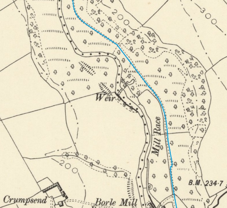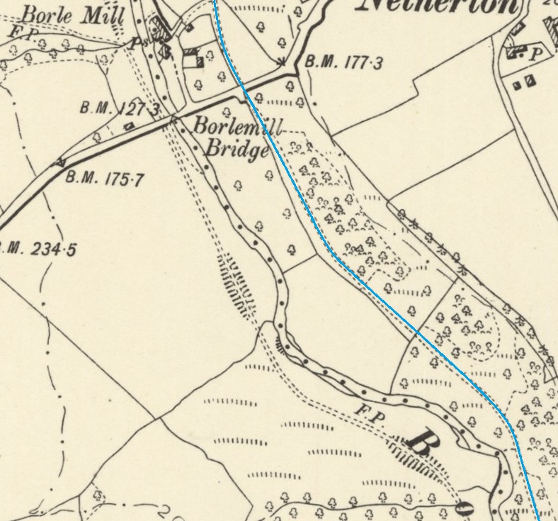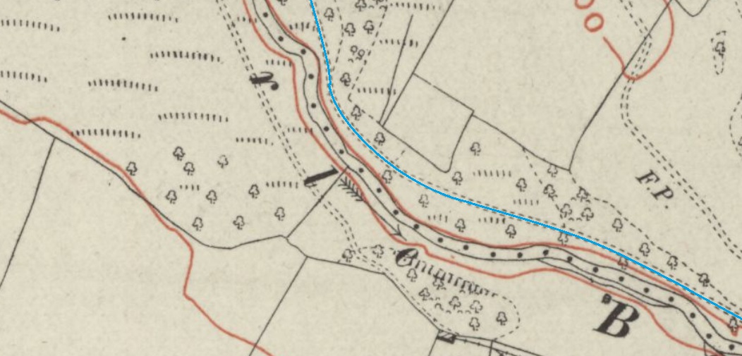 The next opportunity to look at the line of the tramroad comes at the point where its route is joined by a footpath which appears on the 1882 Ordnance Survey above and still is in existence today. The route appears on the modern 1:25,000 Ordnance Survey Explorer Series mapping as shown below.
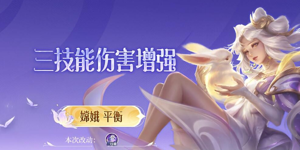本次调整将嫦娥的三技能伤害提升;改动技能:三技能。
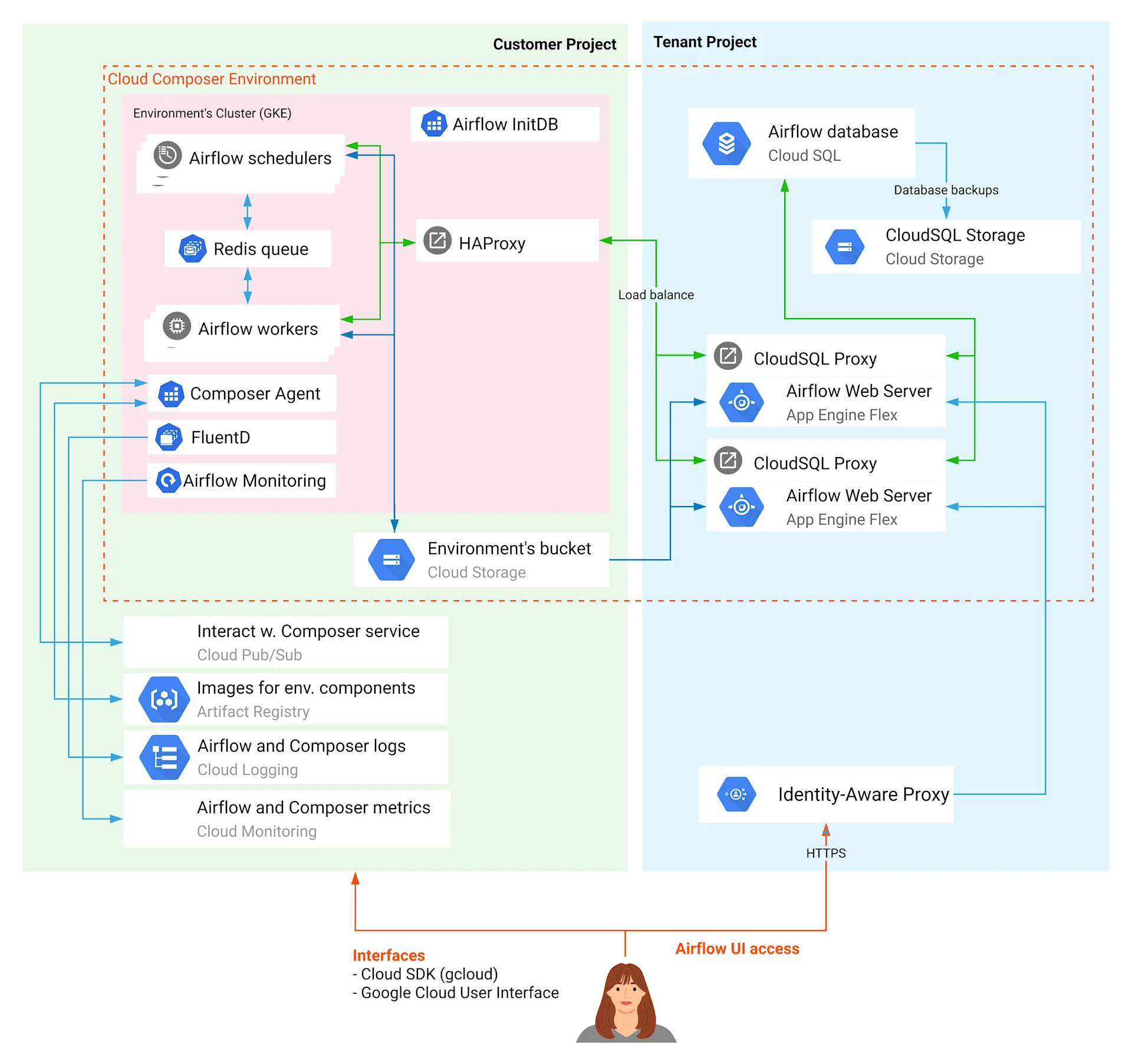 - Servidor web: La interfaz web de Apache Airflow se ejecuta en el servidor web, protegido por Identity-Aware Proxy. Consulte la Interfaz web de Airflow para más información.
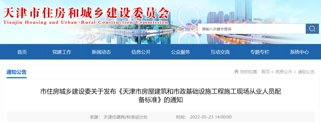 5月23日,天津市住房城乡建设委发布《天津市房屋建筑和市政基础设施工程施工现场从业人员配备标准》,自2022年9月1日起实施。
..........
» Task brief
Restate the data above exactly, stripping out each image.

» The answer
 The next opportunity to look at the line of the tramroad comes at the point where its route is joined by a footpath which appears on the 1882 Ordnance Survey above and still is in existence today. The route appears on the modern 1:25,000 Ordnance Survey Explorer Series mapping as shown below.
本次调整将嫦娥的三技能伤害提升;改动技能:三技能。
 - Servidor web: La interfaz web de Apache Airflow se ejecuta en el servidor web, protegido por Identity-Aware Proxy. Consulte la Interfaz web de Airflow para más información.
 5月23日,天津市住房城乡建设委发布《天津市房屋建筑和市政基础设施工程施工现场从业人员配备标准》,自2022年9月1日起实施。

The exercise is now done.